We encourage inquiries concerning this funding opportunity and welcome the opportunity to answer questions from potential applicants.

eRA Service Desk (Questions regarding ASSIST, eRA Commons registration, submitting and tracking an application, documenting system problems that threaten submission by the due date, post submission issues)
Finding Help Online: http://grants.nih.gov/support/ (preferred method of contact)
Telephone: 301-402-7469 or 866-504-9552 (Toll Free)

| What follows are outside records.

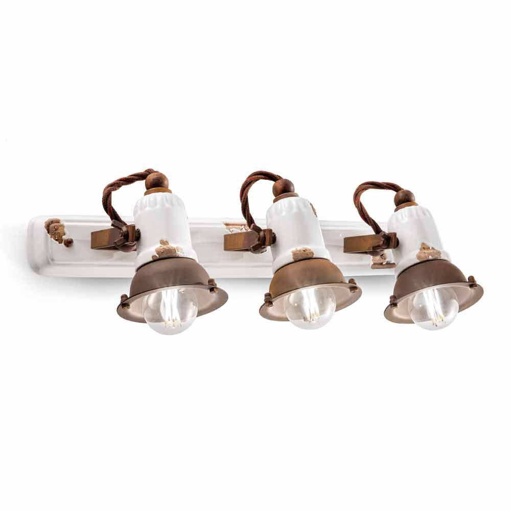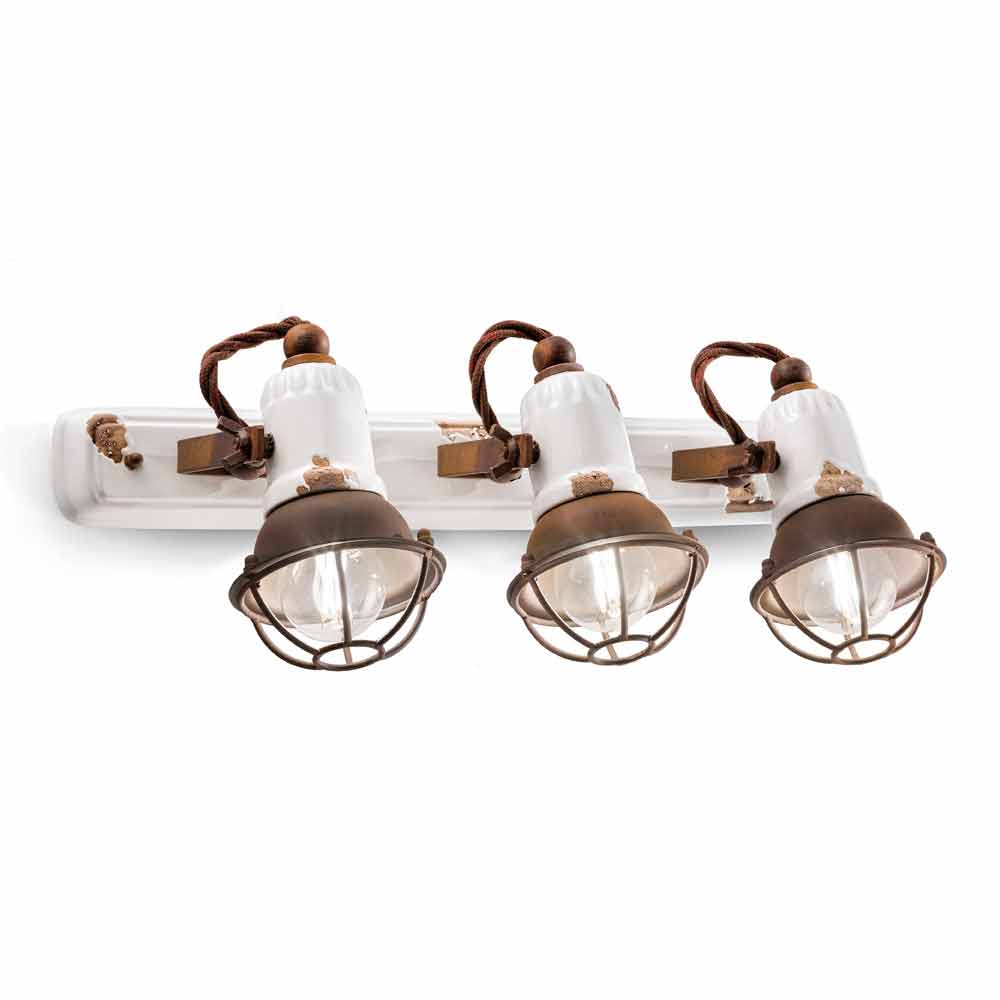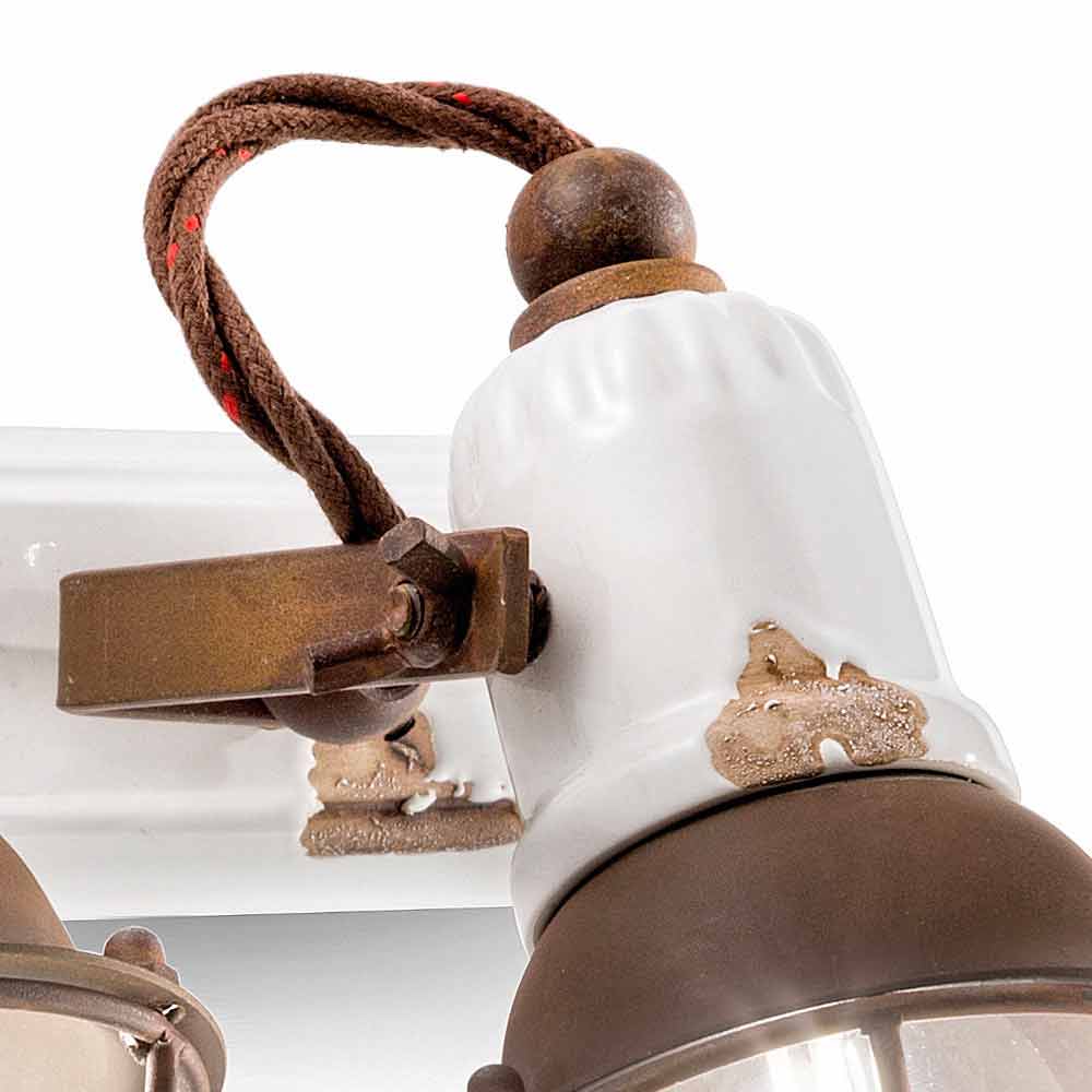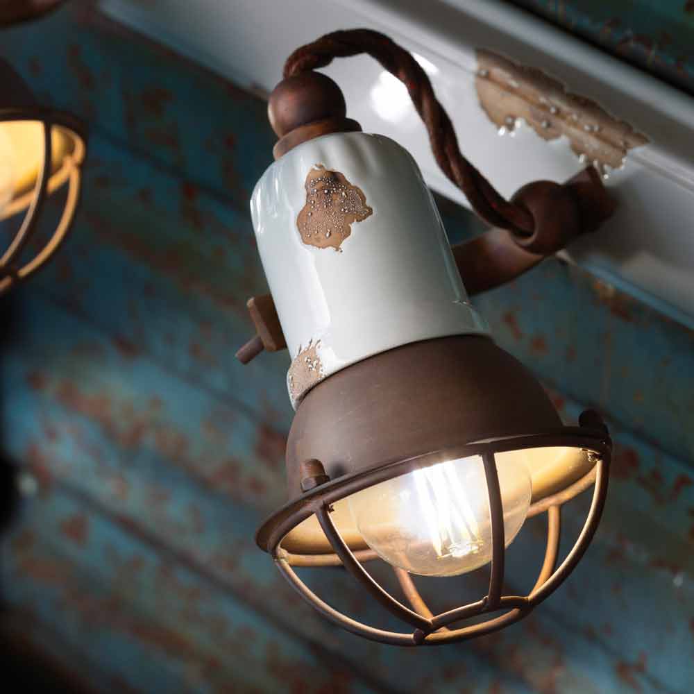 Luz direcional, cerâmica com acabamentos vintage em perfeita harmonia com o metal oxidado: um aplique único em seu estilo, com sabor antigo, perfeito para os ambientes mais refinados.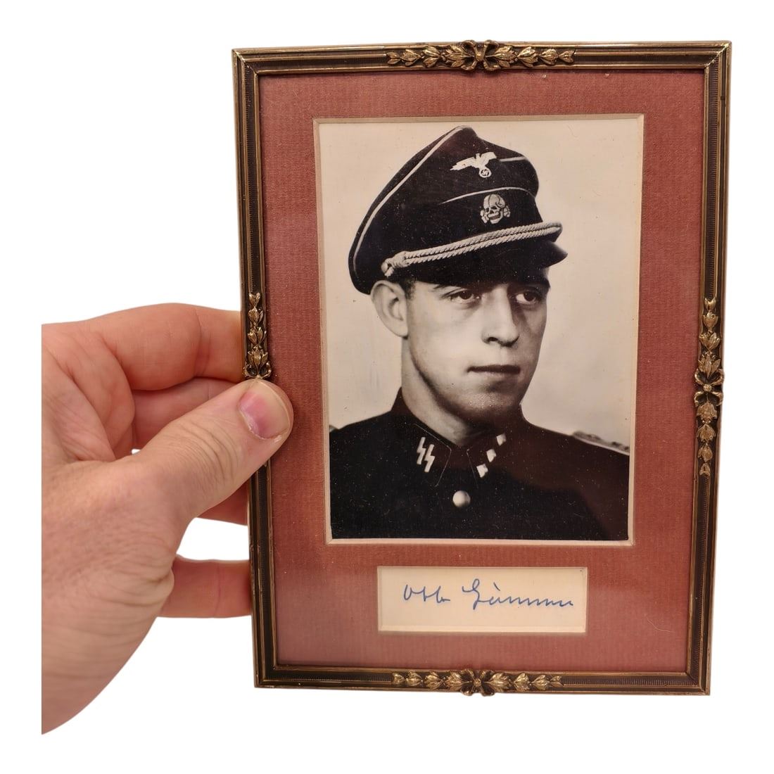 Otto Gunsche Signed Photo in Frame.Otto Günsche (24 September 1917 – 2 October 2003) was a German mid-ranking officer in the Waffen-SS of Nazi Germany during World War II. He was a member of the SS Division Leibstandarte before he became Adolf Hitler's personal adjutant. Günsche was taken prisoner by soldiers of the Red Army in Berlin on 2 May 1945. He was held in various labour camps and prisons by the Soviet Union until 2 May 1956 and provided key testimony regarding Hitler's death.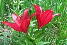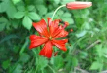 山丹是百合科百合属的多年生草本植物。鳞茎卵形或圆锥形,鳞片长圆形或长卵形,白色;叶散生茎中部,线形,边缘有乳头状突起;花单生或数朵成总状花序,花鲜红色,常无斑点,花被片反卷,…全部>>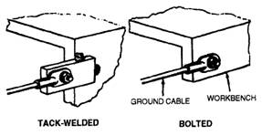 Figure 7-6.-Bolted and tack-welded ground clamps. part of the welder's equipment. After initial cleaning and a weld bead has been deposited, the slag cover must be removed before additional beads are added. The chipping hammer was specifically designed for this task. The chipping operation is then followed by more brushing, and this cycle is repeated until the slag has been removed. When the slag is not removed, the result is porosity in the weld that weakens the weld joint. Cleaning can also be accomplished by the use of power tools or chemical agents. If these items are used, it is essential that all safety precautions are followed. Safety Equipment Arc welding not only produces a brilliant light, but it also emits ultraviolet and infrared rays that are very dangerous to your eyes and skin. In chapter 3, personal safety items, such as helmets, lenses, and gloves, were covered. An important item that needs to be covered here is welding screens. The welder not only has to protect himself but he also must take precautions to protect other people who may be working close by. When you are welding in the field, you must install a welding screen around your work area. It can be an elaborate factory-manufactured screen or as simple as one constructed on site from heavy fire-resistant canvas. WARNING Never look at thes welding arc without proper eye protection. Looking at the arc with the naked eye could result in permanent eye damage. If you receive flash burns, they should be treated by medical personnel. Another area often overlooked is ventilation. Welding produces a lot of smoke and fumes that can be injurious to the welder if they are allowed to accumulate. This is especially true if you are welding in a tank or other inclosed area. Permanent welding booths should be equipped with a exhaust hood and fan system for removal of smoke and fumes. |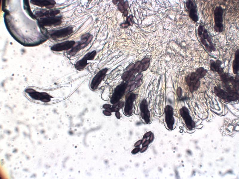 Ascus 117.9-35.3 um expanding in length before cluster release in this case to 130 um with almost the same width.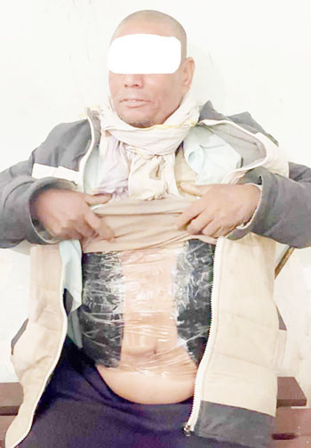 प्रहरी टोलीले वीरगंज महानगरपालिका वडा नं.१९ तिलावे पुल स्थित सडकखण्डमा सवारी साधन तथा पैदल याक्रीहरूलाई जाँच गर्ने त्रममा साईकलमा सवार पर्सा जिल्ला बहुदरमाई नगरपालिका वडा नं.९ बिश्रामपुर बस्ने वर्ष ५५ को मोखु राउत कुर्मीको शरीर खानतलासी गर्दा निजले आफ्नै शरीरमा लुकाइ छिपाइ राखिएको लागु औषध गाँजा १ कलो १ सय ग्राम फेला परेको जिल्ला प्रहरी कार्यालय पर्साले जनाएको छ ।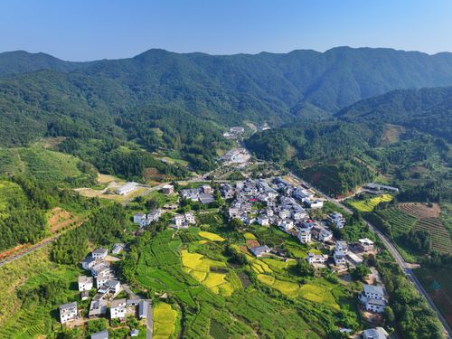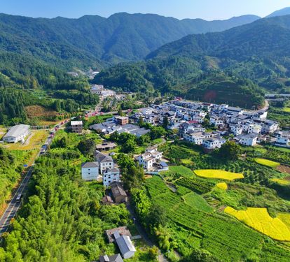 图片说明:2024年9月17日,江西省赣州市安远县三百山镇符山村,层峦叠嶂、林海苍莽,鳞次栉比的农房与泛黄的稻田相映成景,仲秋时节的乡村大地如同一幅画,美不胜收。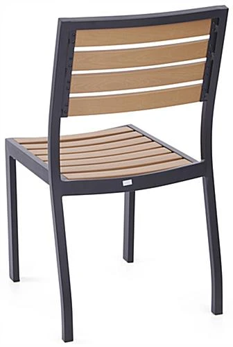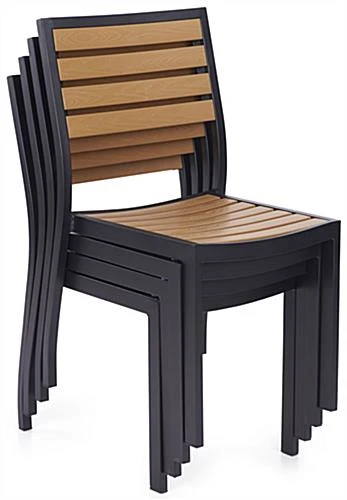 Our aluminum and faux teak patio chairs are ideal for a vast range of event venues, hotels, and restaurants. Their black aluminum frame accentuates the wood grain seat design to lend a modern look to any space. The ultra-practical weatherproof finish allows this furniture set to be utilized in harsh environments and inclement weather conditions. These indoor/outdoor patio chairs also have a stackable design, making them easy to clean up and store at the end of each day. Each leg has plastic gliders on the bottom to prevent scratches and damage in your cafe or bar space. These practical, strong, and sturdy, stackable seats offer a 300-pound weight capacity. Our modern indoor/outdoor patio chairs are an excellent seating solution for hotels, restaurants, and event venues, providing a durable furniture solution for many years.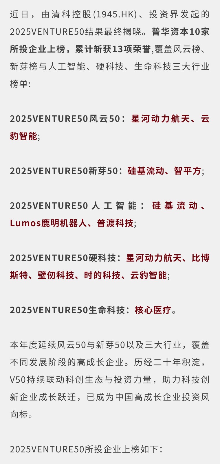 13项荣誉,普华资本10家已投企业上榜清科「2025VENTURE50」| 普华荣誉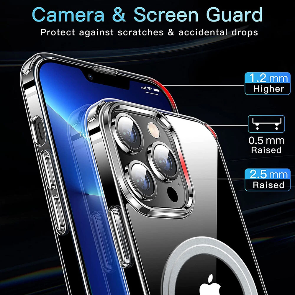 For iPhone 16 Pro Max 15 14 13 Crystal Clear Mag Safe Magnetic Case Rugged Cover Compatibility: This phone case only compatible with iPhone 16 Pro Max 15 14 13,crystal clear case compatible with MagSafe. Compatible with Mag Safe: This case built -in magnetic ring, compatible with magsafe wireless charger, and also wireless charging compatible, fits perfectly. Crystal Clear: Made of premium soft crystal clear hard PC & TPU cover bumper frame, slim thin and fit snug, fingerprint, slip, yellow and scratch resistant. Material and Protection: The phone case is made of high quality material, it supports heavy duty 4 corners shockproof protection, pass military grade drop tested, anti-fall/anti-scratch/anti-bumps. Comfortable Gripping: Slim fit, crystal clear and stripe design giving you great gripping and smooth touching feeling, bring you an excellent touching feeling experience.
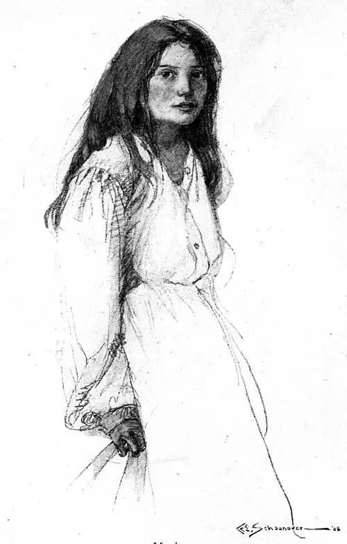 Nathaniel reached out hesitatingly, but not to take the weapon. Gently, as though his touch was about to fall upon some fragile flower, he drew the girl to him, took her beautiful face between his two strong hands and gazed steadily and silently for a moment into her eyes.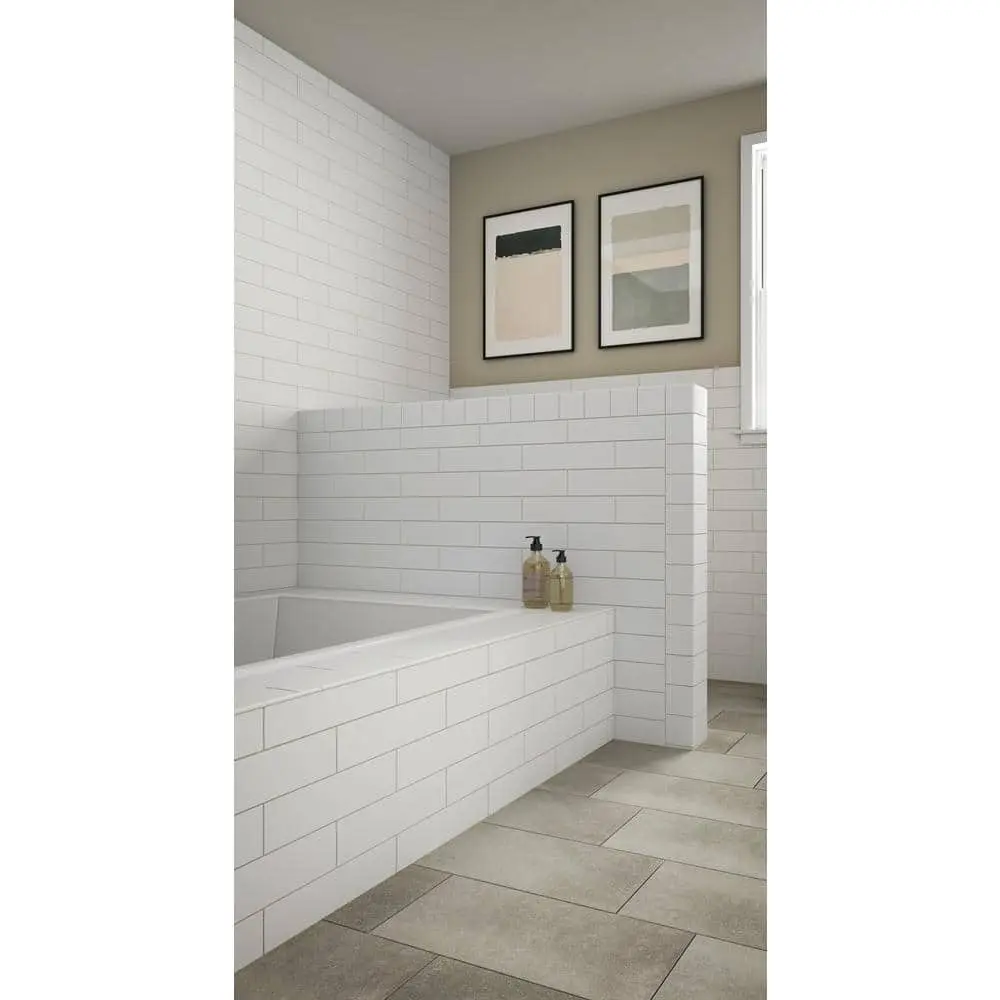 The Daltile Restore Bright White Ceramic Bullnose Corner Wall Trim Tile features a glossy, bright white finish, providing a clean and fresh look for any space. Designed with a bullnose edge, it offers rounded corners for a smooth, finished appearance. Made from durable ceramic, this trim tile ensures long-lasting use and is perfect for corner wall installations in kitchens, bathrooms, and more. Each tile measures 2 in. x 2 in., covering 0.02 sq. ft. per piece, making it an ideal choice for finishing touches on your wall design.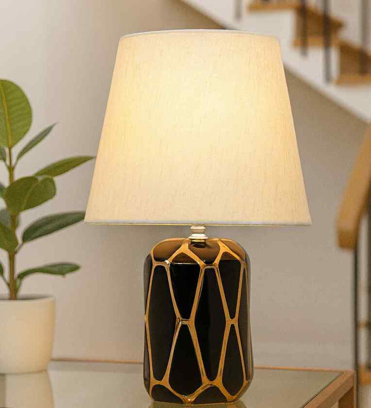 Bring a touch of sophistication to your interiors with this modern black ceramic table lamp, featuring a bold gold geometric base paired with a classic black tapered fabric shade. it includes a durable E27 holder, 2-Pin Plug with ON/ OFF Switch, (bulb not included) and supports LED bulbs. Designed to cast a warm, inviting glow, this lamp is perfect for bedrooms, living rooms, or office spaces. Its durable ceramic construction and premium finish make it not just a source of light but also a statement d cor piece that elevates any modern or contemporary setting.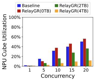 FigureĀ 25 reports NPU (cube) utilization under different concurrency levels. GR inference is compute-intensive; utilization increases with concurrency but also increases tail latency due to contention. RelayGR with 0% DRAM hit can increase utilization because it introduces additional pre-inference work; higher DRAM hit rates reduce this extra work and thus reduce utilization. Importantly, RelayGR allows this utilizationālatency trade-off to be tuned while keeping ranking-stage P99 intact.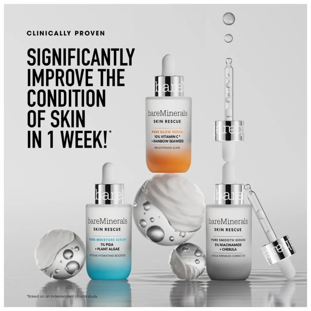 New Skin Rescue Pure Glow Serum Brightening Elixir is infused with 10% Vitamin C + Rainbow Seaweed.
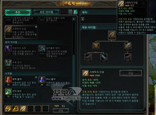 포 : 그렇다면 방금 말한 대로 아이템에 대한 혼란은 어떻게 해결할 수 있을까요?샤 : 샤코 템트리가 조금 혼란스러울 수 있어요. 많은 종류의 샤코들이 있기 때문이죠. 예를 들어 탱샤코, 딜샤코, 백도어용 샤코, 한타 지향형 샤코로 분류할 수 있겠네요. 그렇지만 어느 샤코를 가도 선 '리글의 랜턴'과 '기동력의 장화'는 필수 아이템이라고 말씀 드리고 싶네요. 조금 더 구체적으로 표현하면 탱샤코와 한타 지향형 샤코가 비슷하고, 딜샤코와 백도어 샤코가 조금은 비슷하다고 볼 수 있는데요. 탱샤코와 한타 지향형 샤코는 초반에 빠른 방어템이나 체력템을 가요. '워모그의 갑옷'이나 '얼어붙은 망치'를 먼저 가면서 '룬방벽'이나 '군단의 방패'를 선택해 팀 파이트에 기여하는 거죠.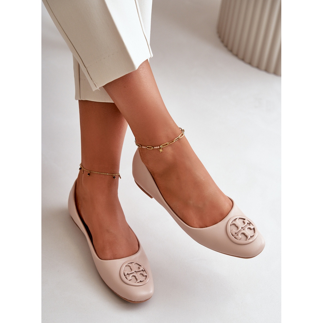 Detaljer: Ballerinaskor för kvinnor med beige Rhodike Eco-läderdekoration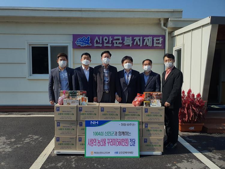신안군복지재단은 지난 19일 농협 목포신안시군지부 신안군청출장소(지점장 이강동)으로부터 농협 창립 60주년 기념 사랑의 농산물 꾸러미 100박스 560만원 상당을 기부받았다고 전했다.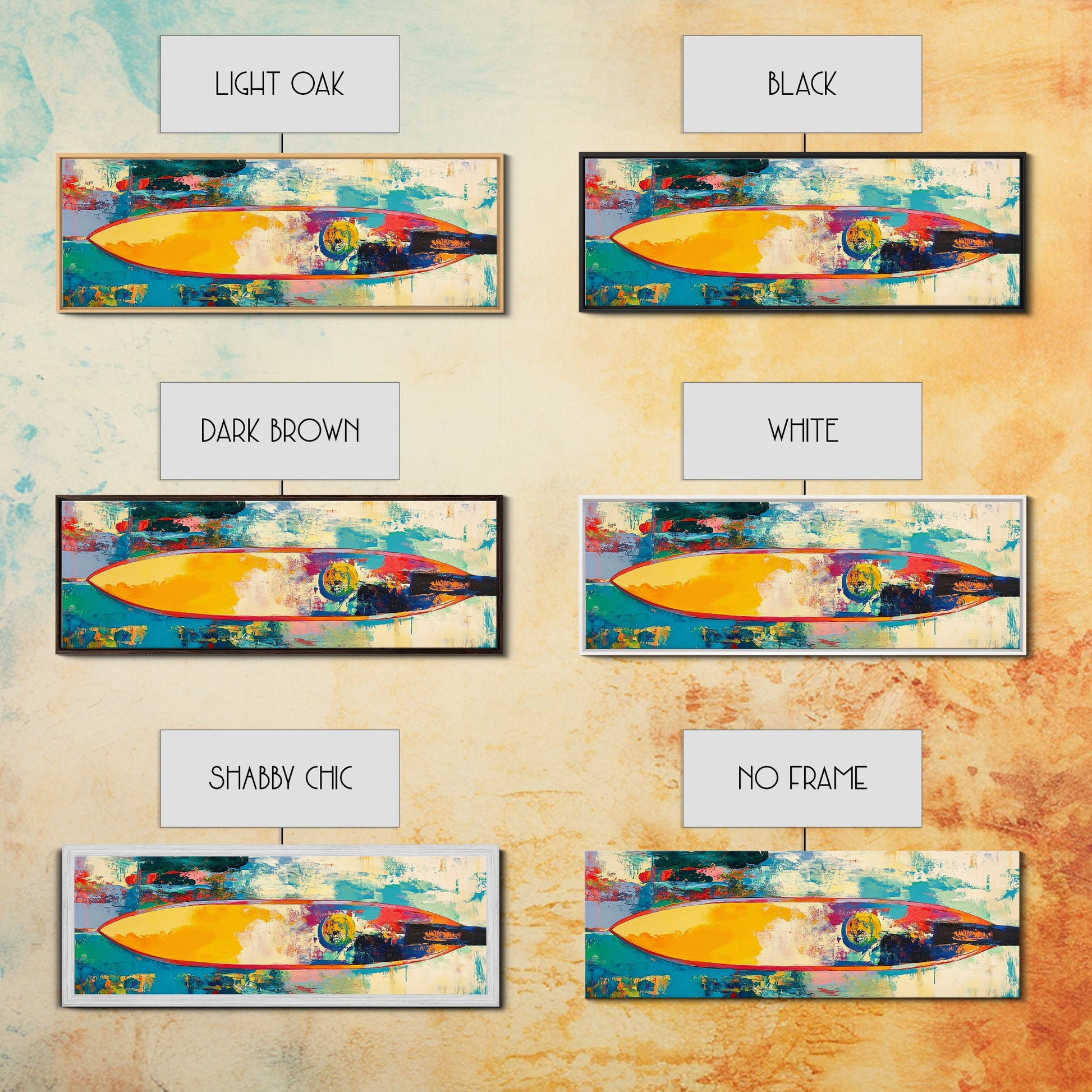 Abstract Surfboard Framed Canvas Print Coastal Beach House Wall Art, Vibrant Surfing Decor, Colorful Ocean Painting, Modern Boho Art

Grants.gov Customer Support (Questions regarding Grants.gov registration and submission, downloading forms and application packages)
Contact Center Telephone: 800-518-4726
Email: [email protected]

GrantsInfo (Questions regarding application instructions and process, finding NIH grant resources)
Email: [email protected] (preferred method of contact)
Telephone: 301-945-7573

J Dena Fischer, DDS, MSD, MS
National Institute of Dental and Craniofacial Research (NIDCR)
Telephone: 301-594-4876
Email: [email protected]

Yasaman Shirazi, PhD
National Institute of Dental and Craniofacial Research (NIDCR)
Telephone: 301-594-5593
Email: [email protected]

Diana Rutberg, MBA
National Institute or Dental and Craniofacial Research (NIDCR)
Telephone: 301-594-4798
Email: [email protected]

Recently issued trans-NIH policy notices may affect your application submission. A full list of policy notices published by NIH is provided in the NIH Guide for Grants and Contracts. All awards are subject to the terms and conditions, cost principles, and other considerations described in the NIH Grants Policy Statement.

Awards are made under the authorization of Sections 301 and 405 of the Public Health Service Act as amended (42 USC 241 and 284) and under Federal Regulations 42 CFR Part 52 and 45 CFR Part 75.